# Cypripedium Schoko



## fundulopanchax (Jun 2, 2020)

Cyp Schoko is another favorite. Each year the flower quality among my plants varies. For whatever reason this is a banner year (rain was typical - a lot! but the winter temperatures were somewhat colder more often than usual. We had a 24 F night and a few in the upper 20s). Here are flowers from three plants blooming now. I think Schoko tends to be more difficult than many Cyps is that its parent shanxiense is quite difficult to keep alive for more than a couple of years (at least for me) and its parent calceolus is always somewhat temperamental. The flower in the middle image was a very bright red two days ago - I did not get an image since it was raining and now the color is somewhat muted.


----------



## KyushuCalanthe (Jun 2, 2020)

Lovely Ron. Almost looks like shanxiense but the sepals and petals are little too compact and the lip is more compressed.
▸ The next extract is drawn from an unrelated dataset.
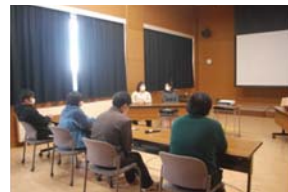
特別教育活動の様子

2月25日（金）に送別激励会を実施しました。修了式を間近に控えた2年目学生に向け、1年目学生が学校生活を振り返るゲームやスライドショーを上映し、思い出話に花を咲かせました。今後酪農を担っていく学生達へのよい思い出になったと思います。

Would you say it is easier than its parents, or about the same?


----------



## fundulopanchax (Jun 2, 2020)

Easier than any shanxiense I have had. Having said that I have never received shanxiense in excellent condition, even from Anthura. They just don’t seem to ship well. Schoko is similar to calceolus in ease of maintenance.


----------



## KyushuCalanthe (Jun 2, 2020)

Ron, I wonder if you grew them with a little more limestone in the mix... the ones I saw in the wild were growing as a rule in travertine deposits and only above 3000 meters. It may just be a touchy species. C. henryi is a related plant, and I've never heard of anyone succeeding with that one very long either. I've had a few - they flower well for a few years and then wane away. Holger said the same thing of plants he grew in China. He grew C. shanxiense alongside all this other Cyp in Huanglong, but that was at 3000 meters elevation in its native climate.


----------